Las redes sociales son una fábrica de opiniones y como tal, algunas de ellas contienen ingredientes mentirosos.

 

Buenas noticias. La solución es la autorregulación de quien escribe y la duda de quien lo lee.

 

En el mundo real, Andrés Manuel López Obrador difamó a José Antonio Meade al decir públicamente que el secretario de la Sedesol utiliza un reloj de varios millones de pesos. Un Casio de 400 pesos es el que utiliza Meade. ¿Qué sucedió? ¿Obrador pidió una disculpa? Si en la realidad no se reconocen las mentiras, no esperemos que desde la virtualidad se haga.

 

Las redes sociales son gimnasios donde los adjetivos obtienen “musculatura”.

 

La virtualidad sorprendió a la realidad (política) porque ya no era tan real.

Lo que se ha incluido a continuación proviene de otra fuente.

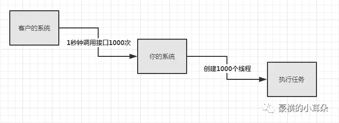 如下图,假设有这么一个场景,客户的系统每次调用你的系统接口的时候,你拿到消息直接就开一个线程去处理消息。
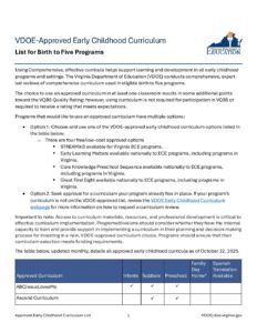 Virginia’s Early Learning and Development Standards (ELDS), Birth-Five Learning Guidelines
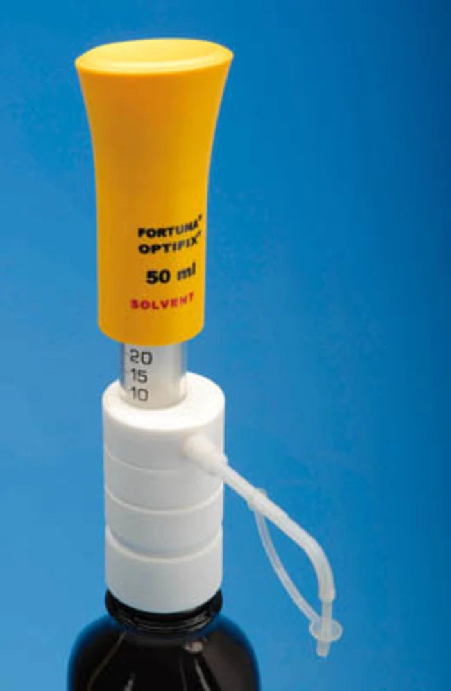 Dispenser Fortuna Optifix SOLVENT: Ultra saf solventler güvenle dozajlanabilir.Cam Pistonludur. Metal aksam bulunmaz.
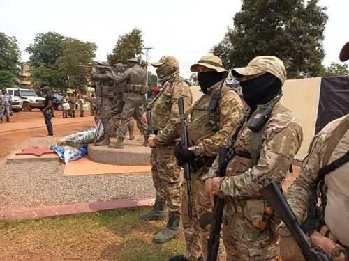 Les mercenaires russes à Bangui, célébrant le premier anniversaire de la mort de leur patron
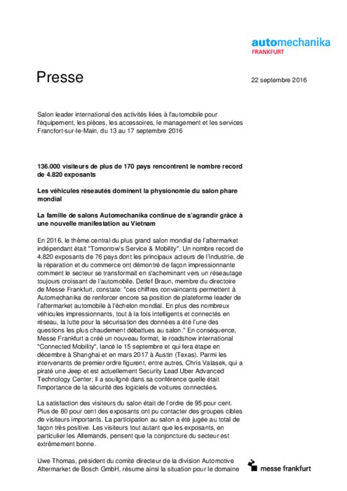 En 2016, le thème central du plus grand salon mondial de l’aftermarket indépendant était "Tomorrow’s Service & Mobility". Un nombre record de 4.820 exposants de 76 pays dont les principaux acteurs de l’industrie, de la réparation et du commerce ont démontré de façon impressionnante comment le secteur se transformait en s'acheminant vers un réseautage toujours croissant de l’automobile. La satisfaction des visiteurs du salon était de l’ordre de 95 pour cent.

La distancia entre un mandatario con los peatones creció de manera exponencial. Así, los presidentes han integrado la indolencia a sus rasgos de personalidad.

 

La autorregulación debería de ser el crucero donde pasan la realidad y la virtualidad de manera simultánea.

 

En sociedades cerradas cuyas clases políticas son renuentes a la crítica y, algo peor, sus instituciones de justicia están atravesadas por la corrupción, es normal que ocurran “agresiones” y filtraciones virtuales. La correlación es clara, mientras que un presidente esté más cerca de los peatones, las agresiones virtuales disminuirán. Pero en naciones donde los mandatarios ni siquiera dan entrevistas a medios, las pedradas virtuales se multiplicarán.

 

Y no sólo ocurre en la actual Corea del Norte de Kim Jong-un, también ha ocurrido en países racionalmente avanzados, como en Francia. En 1995 una orden judicial prohibió la publicación de las memorias de uno de los médicos que atendían al presidente François Mitterrand. Una mano invisible colocó el libro en internet y Francia se enteró que su presidente gobernaba a pesar de sufrir de un cáncer que terminó por matarlo.

 

Las redes sociales son la expresión máxima de la oclocracia y en cada país, los deseos por controlar los contenidos existen. Es decir, internet es global pero polisémico. Veamos.

 

Para el norcoreano Kim Jong-un internet es una ventana hacia el exterior, y por lo tanto, un peligro porque los análisis comparativos sobre las libertades asustan al presidente.

 

En Alemania está prohibido propagar el odio en lenguaje nazi. El grupo xenófobo Pegida (Patriotas Europeos Contra la Legislación de Occidente) utiliza a las redes sociales para marcar su distancia étnica frente a “los otros”. La autorregulación es un componente de conciencia personal que ayuda a sortear legislaciones penales y/o civiles. De ahí que los integrantes de Pegida se tienen que autorregular en internet. Protestar contra los refugiados puede ser un método eufemístico de xenófobos, sin embargo lo pueden hacer midiendo su lenguaje.

 

Cualquier alemán puede insultar a la canciller Angela Merkel y no tendrá ninguna confrontación con las leyes.

 

En Francia, la libertad termina con amenazas terroristas. La Asamblea aprobó una ley sobre la libertad que tiene el gobierno para rastrear llamadas telefónicas e internet. Quien utilice Facebook o Twitter, por ejemplo, para reclutar a simpatizantes del Estado Islámico o que simplemente realice apología del terrorismo, irá a la cárcel. Ahora al gobierno le interesa más el tema del terrorismo que el de las descargas ilegales. La famosa ley Hadupi, que tanto promovió Nicolas Sarkozy, y que cancelaba el servicio de internet a aquellos internautas que descargaban servicios de manera ilegal, ha quedado derogada.

 

Al parecer, el senador mexicano Omar Fayad no se ha enterado de los efectos Snowden y Assange. Habitantes de un mundo oclocrático que se han dedicado a desenmascarar viejos hábitos.

 

Como en los exámenes psicográficos, tache la palabra anormal: Snowden, Fayad, Assange.